132 Mahasiswa Unmul KKN di Bontang, Wali Kota Neni Minta Tinggalkan Program Seremonial Wali Kota Bontang Neni Moerniaeni menerima mahasiswa KKN Universitas Mulawarman. (Klik Kaltim)

BONTANG – Wali Kota Bontang Neni Moerniaeni menerima 132 mahasiswa Universitas Mulawarman (Unmul) yang akan melaksanakan Kuliah Kerja Nyata (KKN) di Kota Bontang, Senin (13/7/2026) pagi.

Selama 45 hari ke depan, para mahasiswa akan menjalankan pengabdian masyarakat yang tersebar di 15 kelurahan di Kota Bontang.

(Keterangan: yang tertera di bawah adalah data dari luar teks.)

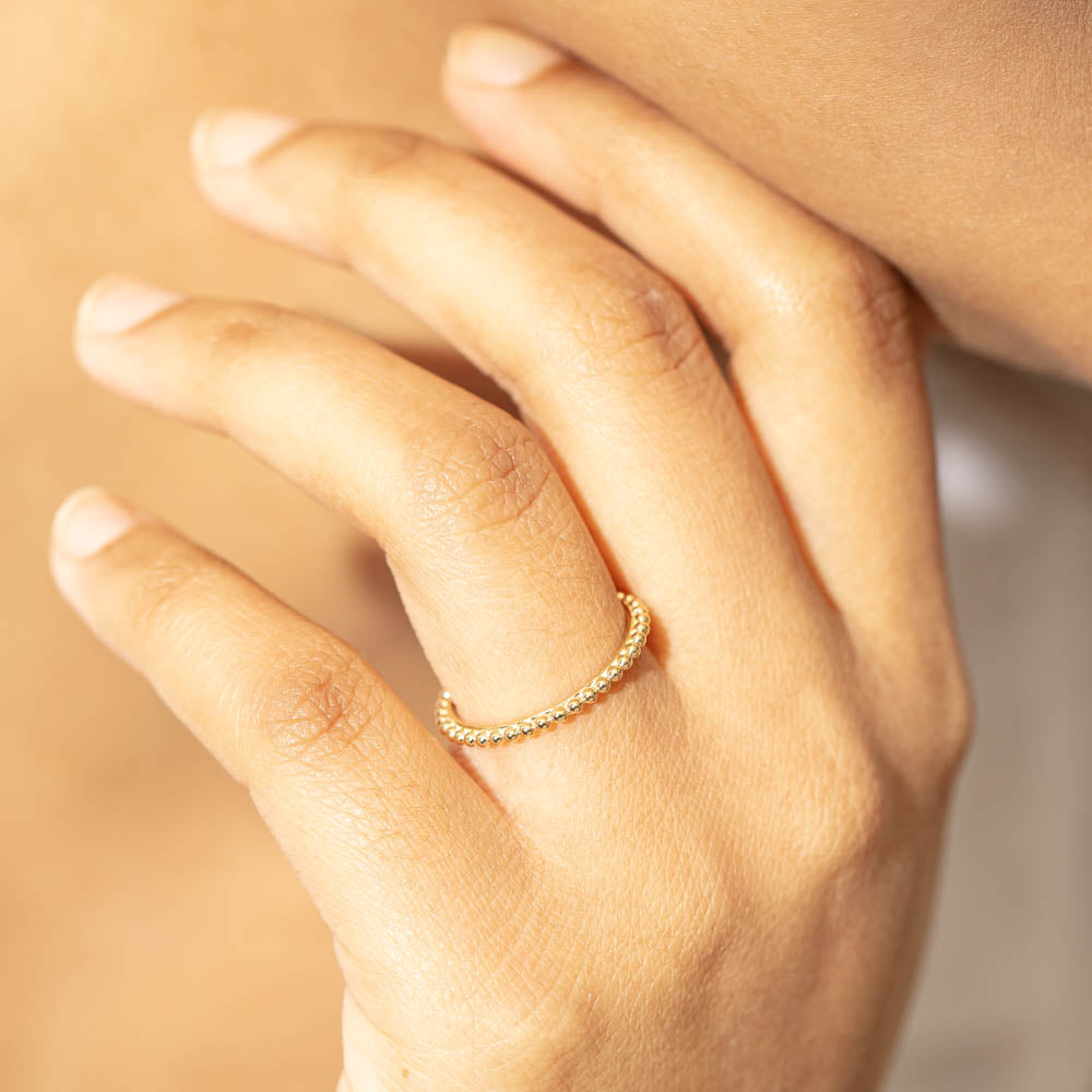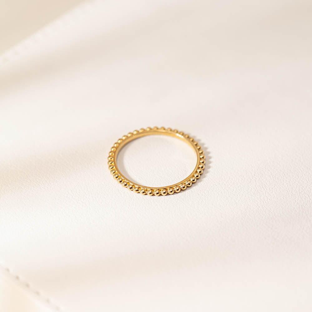 The 9ct yellow gold Boucle band sets light on the distinctive loops on the ring. This contemporary French design can be worn on its own or mixed and matched with other rings from our stacking band collection.

Dalam sambutannya, Neni mengajak mahasiswa turut berkontribusi membantu pemerintah daerah menyelesaikan berbagai persoalan di masyarakat, mulai dari pengentasan kemiskinan, pencegahan stunting, penanganan sampah, hingga membangun budaya hidup bersih dan sehat.

Menurutnya, kehadiran mahasiswa di tengah masyarakat diharapkan mampu menghadirkan ide-ide segar dan inovatif yang dapat diterapkan di masing-masing kelurahan.

"Pikiran mahasiswa ini fresh. Jadi ayo elaborasikan antara ide dan gagasan mahasiswa ke setiap kelurahan. Jadi biar tidak lagi mengerjakan simbolik saja," ujar Neni.

Neni menilai selama ini program KKN masih kerap identik dengan kegiatan yang bersifat seremonial, seperti membangun gapura, mengecat tempat sampah, atau memasang plang lingkungan.

Padahal, menurutnya, kebutuhan infrastruktur dasar tersebut telah banyak diakomodasi oleh Pemerintah Kota Bontang. Karena itu, mahasiswa didorong menghadirkan program yang lebih berdampak dan berkelanjutan.

"Sekarang teknologi sudah canggih. Wilayah RT ini perlu inovasi teknologi informasi berbasis digital. Ayo dikembangkan wacana itu. Jadi yang ditinggalkan akan bermanfaat bagi warga," lanjutnya.

Di akhir sambutannya, Neni juga mengingatkan seluruh mahasiswa agar menjaga sikap dan etika selama tinggal di tengah masyarakat. Ia menegaskan bahwa perilaku mahasiswa akan menjadi perhatian warga.

"Hati-hati, tetap jaga etika dan keharmonisan. Kalau ada perilaku menyimpang pasti akan cepat ketahuan," tuturnya.

Sementara itu, perwakilan Universitas Mulawarman, Swandari Paramita, berharap seluruh mahasiswa dapat menjalankan pengabdian dengan sepenuh hati.

Ia meminta peserta KKN fokus mengidentifikasi persoalan di setiap kelurahan, kemudian menghadirkan solusi yang benar-benar bermanfaat bagi masyarakat.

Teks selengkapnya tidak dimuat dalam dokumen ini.